* Exercise requirements: Apart from the images, repeat the data below exactly as written.

START Exercise data

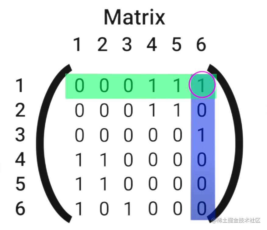 这到底是什么意思呢?我们看一下第6列和第1行,我们知道这表示那两个人是匹配的。但它也意味着,它们之间存在一条长度为1的路径。
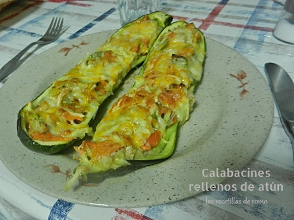 Estos calabacines rellenos de atun resultan ideales para la cena y es un plato ideal para que las verduras no resulten aburridas; yo los he rellenado con lo que me quedaba en la nevera pero quedará igual de rico si le añades otras verduras.
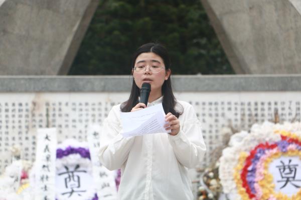 活动现场(李卓贤摄)年年祭扫先人墓,处处犹存长者风。为缅怀革命先烈,感恩革命烈士,4月13号中午,我院组织学生到寸金烈士陵园扫墓。付怡老师,16、17级全体学生以及主要学生干部参加了本次扫墓活动。在学生干部的带领下,排着整齐队伍向寸金烈士陵园出发。在烈士陵园纪念碑前,老师和同学们依次向烈士们献花,为革命先烈默哀一分钟并深深地三鞠躬,表达了对革命先烈的无尽哀思与无尽尊敬。付怡老师致词。她表示,清明扫墓是为了勿忘历史,以史为鉴,告诫学子们不应对历史耿耿于怀,而应化悲痛为力量,以史立志。她劝告学子们通过缅怀先烈,牢记历史赋予大学生的责任感,并要用信心、诚心、雄心去演绎自己精彩人生。同时也激励学子们学习英雄的爱国精神,学习他们为追求真理不畏艰辛、敢于牺牲的高贵品质,为中华民族之崛起而读书。我院朗诵队用低沉有力的腔调吟诵出对烈士英雄英勇事迹的赞歌,以此表达对烈士崇高的敬意和无比的哀思。老师带领全体学生绕纪念碑一周,以此瞻仰纪念碑,感受烈士精神的万古长青、浩气长存。此次扫墓活动加深了我院学子对清明传统节日的理解,深刻认识到国家繁荣富强、社会和谐稳定与人民幸福生活的来之不易。让学子们不仅懂得了要珍惜今天的美好生活,而且要继承先烈革命传统,发扬前辈爱国精神,肩负起大学生的责任。
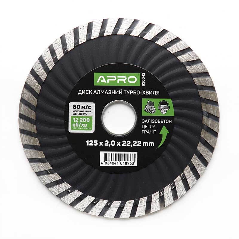 Диск до бетону 125х2,0мм (22-24%) турбо-хвиля APRO

END Exercise data

* Task solution:
 这到底是什么意思呢?我们看一下第6列和第1行,我们知道这表示那两个人是匹配的。但它也意味着,它们之间存在一条长度为1的路径。
 Estos calabacines rellenos de atun resultan ideales para la cena y es un plato ideal para que las verduras no resulten aburridas; yo los he rellenado con lo que me quedaba en la nevera pero quedará igual de rico si le añades otras verduras.
 活动现场(李卓贤摄)年年祭扫先人墓,处处犹存长者风。为缅怀革命先烈,感恩革命烈士,4月13号中午,我院组织学生到寸金烈士陵园扫墓。付怡老师,16、17级全体学生以及主要学生干部参加了本次扫墓活动。在学生干部的带领下,排着整齐队伍向寸金烈士陵园出发。在烈士陵园纪念碑前,老师和同学们依次向烈士们献花,为革命先烈默哀一分钟并深深地三鞠躬,表达了对革命先烈的无尽哀思与无尽尊敬。付怡老师致词。她表示,清明扫墓是为了勿忘历史,以史为鉴,告诫学子们不应对历史耿耿于怀,而应化悲痛为力量,以史立志。她劝告学子们通过缅怀先烈,牢记历史赋予大学生的责任感,并要用信心、诚心、雄心去演绎自己精彩人生。同时也激励学子们学习英雄的爱国精神,学习他们为追求真理不畏艰辛、敢于牺牲的高贵品质,为中华民族之崛起而读书。我院朗诵队用低沉有力的腔调吟诵出对烈士英雄英勇事迹的赞歌,以此表达对烈士崇高的敬意和无比的哀思。老师带领全体学生绕纪念碑一周,以此瞻仰纪念碑,感受烈士精神的万古长青、浩气长存。此次扫墓活动加深了我院学子对清明传统节日的理解,深刻认识到国家繁荣富强、社会和谐稳定与人民幸福生活的来之不易。让学子们不仅懂得了要珍惜今天的美好生活,而且要继承先烈革命传统,发扬前辈爱国精神,肩负起大学生的责任。
 Диск до бетону 125х2,0мм (22-24%) турбо-хвиля APRO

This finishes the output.